Phred scaling is a widely used system for representing the quality scores of sequencing reads. It is used to quantify the probability of an error in each base call in a sequencing read. Here is a quick guide to Phred scaling:
Phred quality scores: Phred quality scores are represented as integers ranging from 0 to 60. The higher the score, the more confident we are in the base call. For example, a Phred score of 10 corresponds to a base call accuracy of 90%, while a Phred score of 20 corresponds to a base call accuracy of 99%.
Logarithmic scale: The Phred scale is logarithmic, which means that each increase of 10 in the Phred score corresponds to a 10-fold decrease in the probability of an error. For example, a Phred score of 20 corresponds to a probability of error of 1 in 100, while a Phred score of 30 corresponds to a probability of error of 1 in 1000.

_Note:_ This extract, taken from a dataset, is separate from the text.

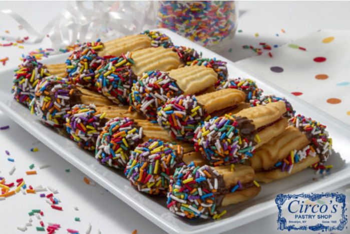 Chocolate Dipped Butter Cookie Jelly Sandwich with Rainbow Sprinkles

Quality score calculation: The Phred score for each base call is calculated as follows:
Q = -10 * log10(p)
where Q is the Phred score, and p is the probability of an error in the base call.
Quality score encoding: The Phred quality scores are typically encoded in the quality score field of the FASTQ file format, which is a common format used for storing sequencing reads. Each quality score is represented as an ASCII character, with the character code equal to the Phred score plus 33. For example, a Phred score of 20 is represented by the ASCII character "!" (33 + 20).
In summary, Phred scaling is a logarithmic system for representing the quality scores of sequencing reads, where higher scores indicate greater confidence in the base call. The Phred scores are calculated based on the probability of an error in each base call and are typically encoded in the quality score field of the FASTQ file format.